# [Task]
Please repeat exactly the lines below from the line with "Lastly, a multifunctional" to the line with "打开苏州产权交易中心存量房网页", including both, and leave out every picture.

#### Available data ####

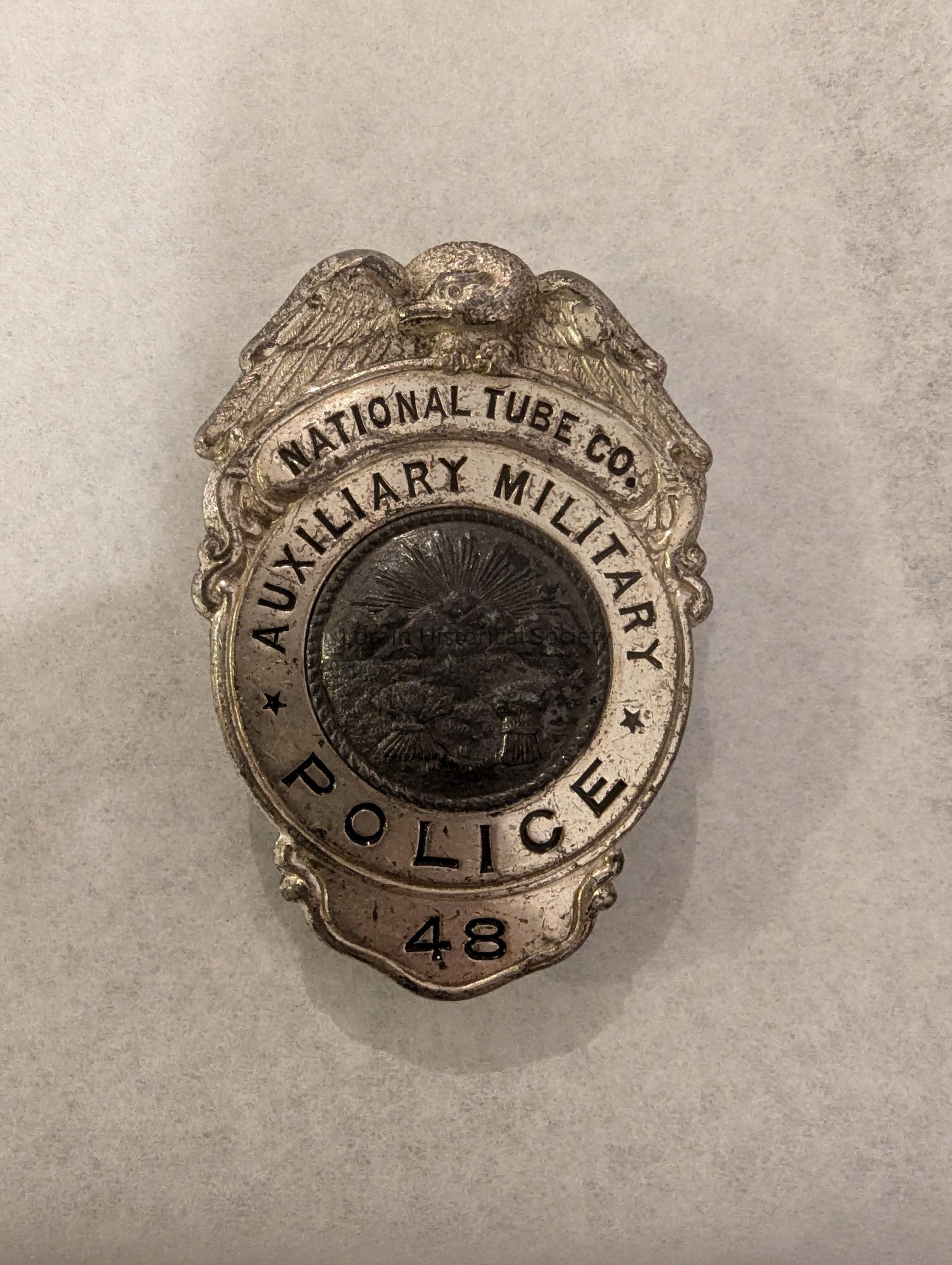 Badge that is oblong shaped. The center part is circular and reads "Auxillary Military Police" around the State Seal of Ohio. On the very top is an eagle with spread wings and right beneath that it reads "National Tube Co." On the bottom is the badge number, "48."Collection
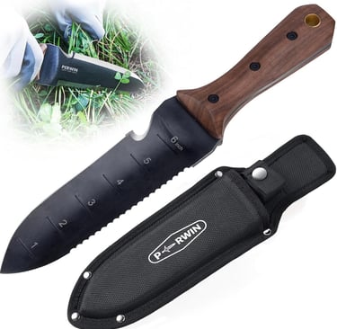 Lastly, a multifunctional tool I use in the garden, a Hori Hori, for planting, weeding, and digging, can also be useful to mix the soil medium together and scrape off excess soil when forming the blocks!
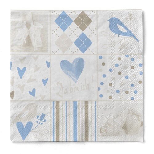 Sovie HORECA Serviette Baby in Blau aus Tissue, 33 x 33 cm, 100 Stück - Geburt Taufe
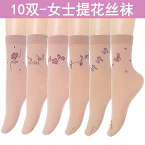 有跟中老年女士棉底丝袜中筒妈妈袜婆婆夏季薄款带跟耐...
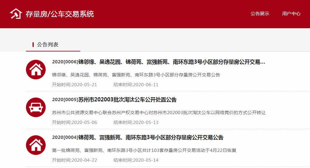 打开苏州产权交易中心存量房网页
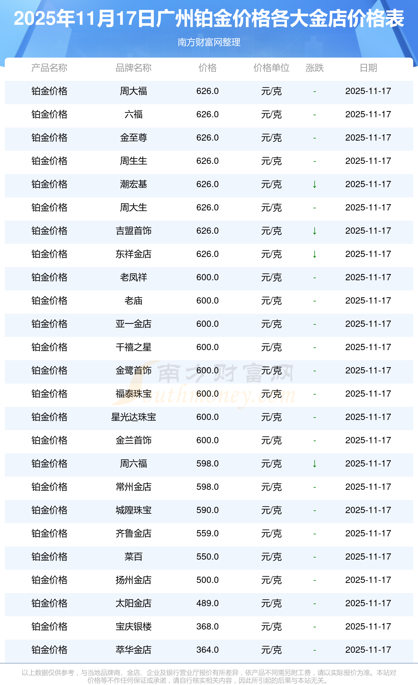 2025年11月17日,广州谢瑞麟、谢瑞麟、谢瑞麟、谢瑞麟、金银街、金银街、金银街、金银街、金银街、金银街、多边金都珠宝等各大金店品牌铂金价格今日价格如下:谢瑞麟1305.0元/克、谢瑞麟46270.0、谢瑞麟13490.0、谢瑞麟41990.0、金银街1280.0元/克、金银街1295.0元/克、金银街1285.0元/克、金银街11.5元/克、金银街921.0元/克、金银街10.7元/克、多边金都珠宝1256.0元/克。
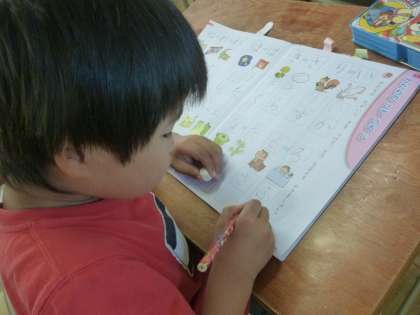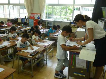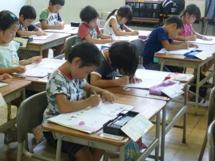かきかたの時間に「かたちのにている字」について学習を進めました。「い」と「り」、「さ」と「き」、「は」と「ほ」などです。どこが違うかよく見ながら書かせました。
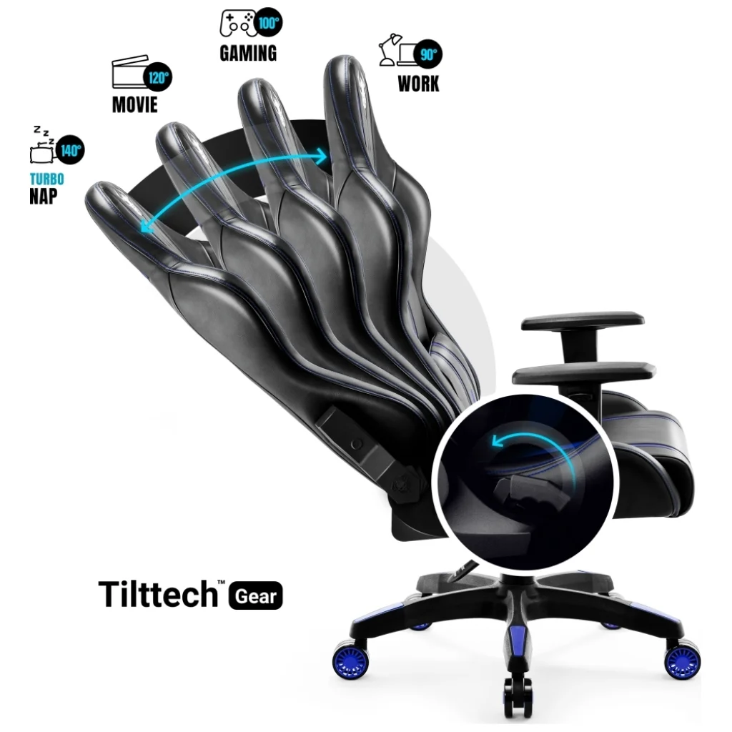 A fekete szék kék részletekkel kiváló választás azok számára, akik értékelik a stílust, a kényelmet és az ergonómiát — tökéletesen illeszkedik egy modern gamer környezetbe, egy ifjúsági szobába vagy egy otthoni irodába.
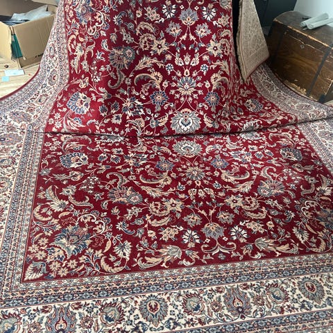 Selger et pent brukt flossteppe på 2x3 meter. Ligger delvis under en skjenk, så noen merker etter det som blir borte ved å rufse litt i teppet. Noen tråder har blitt dratt ut, men dette kan bare klippes til, så vil det antagelig ikke være synlig. Og mulig litt støv, men man kan bare dra over med en fuktet klut. Aldri vært sølt noe på teppet, så i god stand. Varm fin vinrødlig farge. Ligger stødig på gulvet.
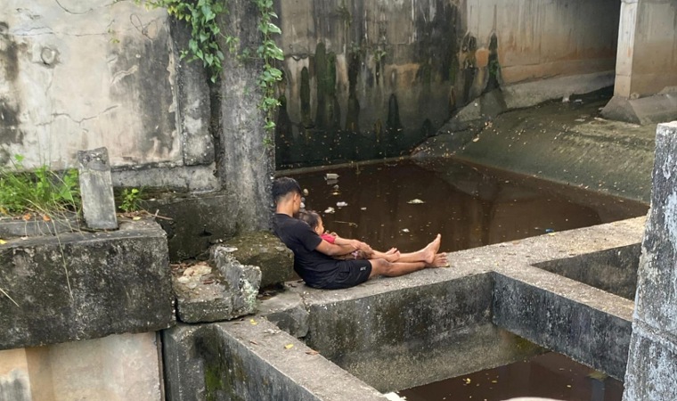 Seorang pria diduga hendak melakukan aksi bunuh diri dalam kondisi emosional sambil membawa anak kecil.
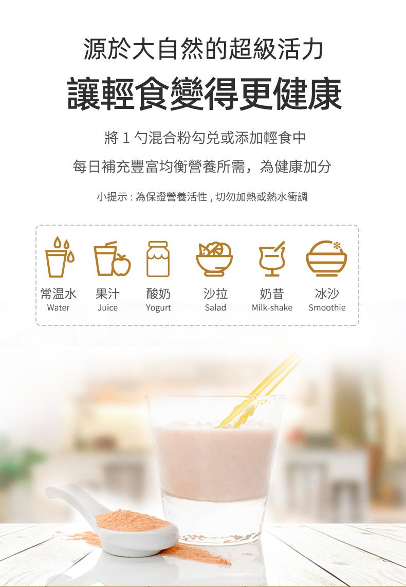 含55種豐富活力營養素、20種氨基酸等多種成分 增強免疫力和抗疲勞 強化新陳代謝、加強身體循環 可減輕都市人常有的壓力感 緩解更年期症狀

####

# [Task response]
 Lastly, a multifunctional tool I use in the garden, a Hori Hori, for planting, weeding, and digging, can also be useful to mix the soil medium together and scrape off excess soil when forming the blocks!
 Sovie HORECA Serviette Baby in Blau aus Tissue, 33 x 33 cm, 100 Stück - Geburt Taufe
 有跟中老年女士棉底丝袜中筒妈妈袜婆婆夏季薄款带跟耐...
 打开苏州产权交易中心存量房网页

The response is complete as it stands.